*Texto escrito por Isabela Rahal, mestre em desenvolvimento econômico e político pela Universidade de Columbia e atualmente é coordenadora legislativa no Congresso Nacional. É também aceleradora da Rede Legisla Brasil.

 Como alterações regimentais e atropelos afastam cada vez mais o Congresso da população e colocam em xeque a nossa democracia.
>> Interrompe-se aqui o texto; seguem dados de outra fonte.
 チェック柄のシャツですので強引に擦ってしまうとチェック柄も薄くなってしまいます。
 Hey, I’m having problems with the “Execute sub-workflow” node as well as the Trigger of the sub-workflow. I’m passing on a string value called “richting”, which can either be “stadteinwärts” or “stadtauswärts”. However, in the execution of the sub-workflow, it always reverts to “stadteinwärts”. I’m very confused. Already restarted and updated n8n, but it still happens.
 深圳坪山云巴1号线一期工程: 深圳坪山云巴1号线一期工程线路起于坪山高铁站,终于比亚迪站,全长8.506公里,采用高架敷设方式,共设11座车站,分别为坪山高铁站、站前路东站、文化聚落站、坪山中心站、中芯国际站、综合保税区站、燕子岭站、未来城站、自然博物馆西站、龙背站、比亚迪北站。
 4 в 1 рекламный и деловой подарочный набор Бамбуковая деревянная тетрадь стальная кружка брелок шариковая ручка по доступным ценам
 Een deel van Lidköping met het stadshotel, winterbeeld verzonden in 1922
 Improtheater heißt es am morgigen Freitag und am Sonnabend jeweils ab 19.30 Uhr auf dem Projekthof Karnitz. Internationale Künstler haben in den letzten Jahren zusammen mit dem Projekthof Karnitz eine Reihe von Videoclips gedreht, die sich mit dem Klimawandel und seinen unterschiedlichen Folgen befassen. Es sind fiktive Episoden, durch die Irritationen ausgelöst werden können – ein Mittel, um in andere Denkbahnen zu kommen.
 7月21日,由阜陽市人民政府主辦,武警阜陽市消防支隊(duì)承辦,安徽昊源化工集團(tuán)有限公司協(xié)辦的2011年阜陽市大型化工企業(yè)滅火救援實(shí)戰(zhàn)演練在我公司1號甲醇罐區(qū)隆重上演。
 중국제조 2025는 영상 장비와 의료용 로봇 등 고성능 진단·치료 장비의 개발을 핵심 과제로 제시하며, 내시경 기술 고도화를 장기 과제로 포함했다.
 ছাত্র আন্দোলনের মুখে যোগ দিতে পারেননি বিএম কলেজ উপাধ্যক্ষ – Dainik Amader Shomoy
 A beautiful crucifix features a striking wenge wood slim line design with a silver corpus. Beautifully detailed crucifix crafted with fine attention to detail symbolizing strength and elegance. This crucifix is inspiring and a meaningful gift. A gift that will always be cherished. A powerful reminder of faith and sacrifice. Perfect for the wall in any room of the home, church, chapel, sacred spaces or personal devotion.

É de conhecimento geral que o Presidente Bolsonaro e seus ataques às instituições enfraquecem a nossa democracia. Nós conhecemos essa ameaça e a estamos enfrentando desde as eleições de 2018. O que não está evidente para a sociedade, no entanto, são outras ameaças, que vêm ocorrendo de maneira mais discreta, porém não menos preocupante, no âmbito do Congresso Nacional. São atropelos, desrespeitos aos procedimentos e mesmo à nossa Constituição, mas que passam despercebidos em meio à grande quantidade de notícias que a pandemia nos traz.

Em meio à sessão desta última quarta-feira (12), o Presidente da Câmara dos Deputados, Arthur Lira, comentava, de bom humor, que aquela seria a última votação de um requerimento de votação parcelada, ou seja, que permitisse a análise ponto a ponto de um projeto. Infelizmente, ele estava certo. Isso porque, nesta semana, com seu apoio, a Câmara dos Deputados aprovou uma das maiores mudanças em seu regimento interno desde a redemocratização. A alteração do regimento retirou possibilidades importantes de diálogo e convergência, e facilitou ainda mais as “tratoradas” que, hoje, já aconteciam em maior frequência por conta da pandemia e do sistema de votações remotas. Nosso regime democrático foi desenhado para que diversos setores da sociedade sejam ouvidos e representados, e as mudanças feitas colocam essa representatividade em xeque.

Apesar de mais recente, esse não é o único exemplo de atropelo. Talvez mais sérias sejam, na verdade, as alterações feitas em nossa Constituição a toque de caixa. Um exemplo é a Emenda Constitucional nº 109, que aprovou recursos para a prorrogação do Auxílio Emergencial mas também congelou salários e fez alterações permanentes. A Emenda foi aprovada em menos 72 horas, sem uma Comissão Especial para debate ou emendas. Foram bilhões de reais movimentados, milhões de brasileiros afetados – e, ainda assim, poucos tiveram acesso ao debate. O mesmo ocorre com outras proposições: Medidas Provisórias passaram a ter apenas 48 horas para emendamento. Comissões foram encerradas, ou suspensas. Antes de ser alterado, o regimento interno da casa foi ignorado, com interpretações questionáveis por parte da Presidência da Câmara.

É necessário reconhecer que o Congresso Nacional preencheu, em partes, um vácuo importante no combate à Covid-19. No entanto, sob a justificativa da urgência que a pandemia nos pede, o Congresso vem fragilizando processos extremamente caros à participação social e à nossa democracia como um todo. Até onde avançamos nas mudanças de regras, e até onde foi criado um precedente perigoso? Se alterar a nossa Constituição se tornou tão corriqueiro, o que impediria o Congresso de aprovar uma alteração que ameace a independência dos três poderes? Que ameace o judiciário? Que aumente a impunidade em casos de corrupção de parlamentares (como quase ocorreu há poucos meses)? O mesmo plenário remoto que possibilitou, há um ano, a aprovação acelerada do Auxílio Emergencial, também aprovará uma reforma eleitoral.

Steven Levitsky, em Como as Democracias Morrem, demonstra que democracias não são destruídas de um dia para o outro. É necessário persistência, ataques constantes e recorrentes, mas que por vezes passam imperceptíveis. E quando percebermos, nossas liberdades já nos terão sido retiradas. É essencial enxergar que os atropelos advindos do Congresso Nacional, nessa nova gestão, mais do que medidas temporárias, são um ataque à democracia. Os mecanismos de funcionamento do Congresso são os instrumentos que temos para lutar pelos nossos direitos. É fundamental reconhecer esses riscos, entendê-los, e corrigir os rumos do caminho perigoso que a nossa democracia está sendo forçada a percorrer.